## ABOUT THIS EXERCISE
Exactly as they appear below, repeat the lines from the one with "Ballerina watercolor, Κούπα" through the one with "De Noten keuken", and no others.

## MATERIAL PROVIDED
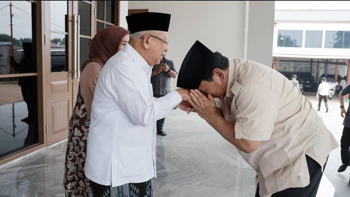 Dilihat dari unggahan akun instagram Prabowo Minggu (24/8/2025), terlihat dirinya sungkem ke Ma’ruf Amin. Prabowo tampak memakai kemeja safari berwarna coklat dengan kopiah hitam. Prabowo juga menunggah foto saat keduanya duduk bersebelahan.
---
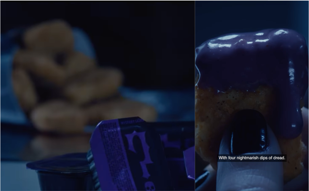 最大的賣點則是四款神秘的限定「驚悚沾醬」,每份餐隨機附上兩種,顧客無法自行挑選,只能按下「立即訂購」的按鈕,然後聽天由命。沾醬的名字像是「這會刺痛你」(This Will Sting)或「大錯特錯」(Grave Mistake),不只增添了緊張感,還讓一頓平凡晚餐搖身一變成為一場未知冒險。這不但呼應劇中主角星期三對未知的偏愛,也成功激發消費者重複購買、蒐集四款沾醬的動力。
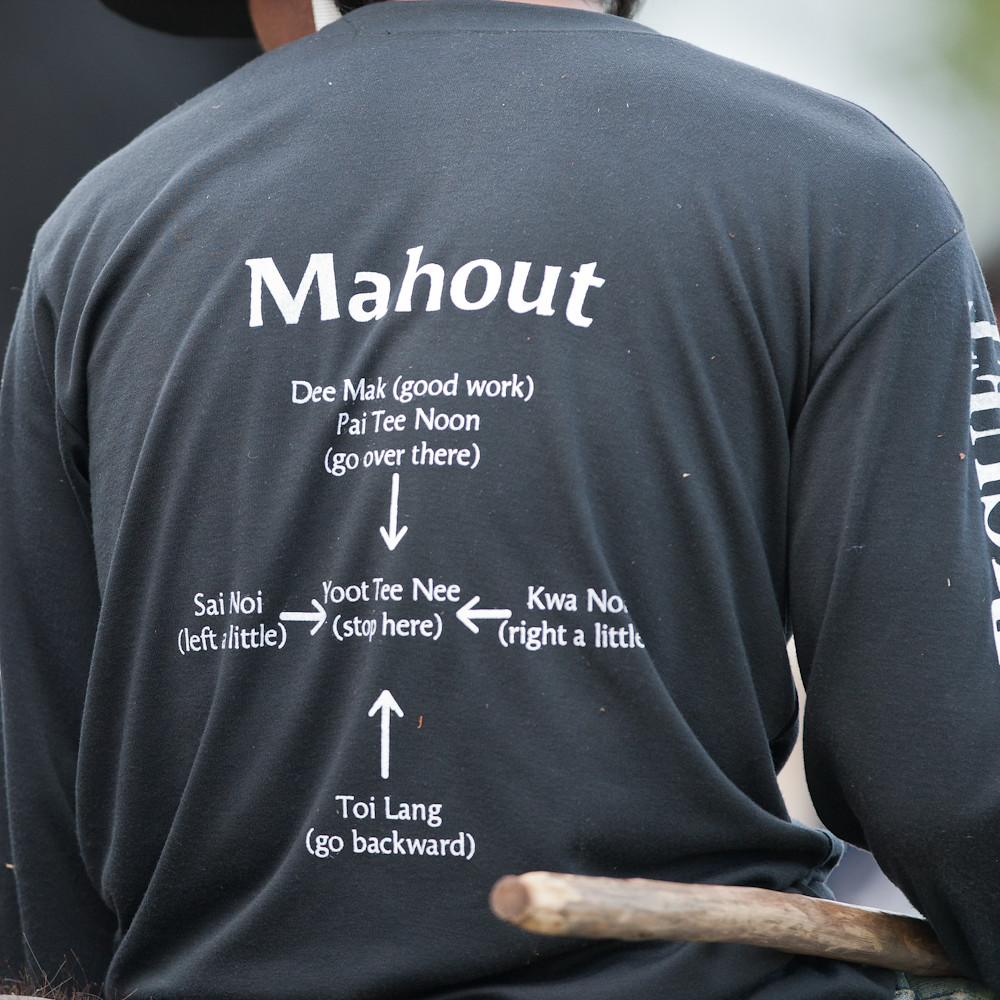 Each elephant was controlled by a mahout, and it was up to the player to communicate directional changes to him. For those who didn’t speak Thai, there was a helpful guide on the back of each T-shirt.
...
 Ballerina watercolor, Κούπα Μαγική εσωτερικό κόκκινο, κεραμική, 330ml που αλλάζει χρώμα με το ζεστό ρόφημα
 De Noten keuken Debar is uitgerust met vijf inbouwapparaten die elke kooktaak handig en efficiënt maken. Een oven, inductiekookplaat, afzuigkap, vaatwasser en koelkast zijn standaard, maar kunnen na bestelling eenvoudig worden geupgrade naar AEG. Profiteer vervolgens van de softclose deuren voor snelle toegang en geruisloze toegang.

## YOUR SOLUTION
 Ballerina watercolor, Κούπα Μαγική εσωτερικό κόκκινο, κεραμική, 330ml που αλλάζει χρώμα με το ζεστό ρόφημα
 De Noten keuken Debar is uitgerust met vijf inbouwapparaten die elke kooktaak handig en efficiënt maken. Een oven, inductiekookplaat, afzuigkap, vaatwasser en koelkast zijn standaard, maar kunnen na bestelling eenvoudig worden geupgrade naar AEG. Profiteer vervolgens van de softclose deuren voor snelle toegang en geruisloze toegang.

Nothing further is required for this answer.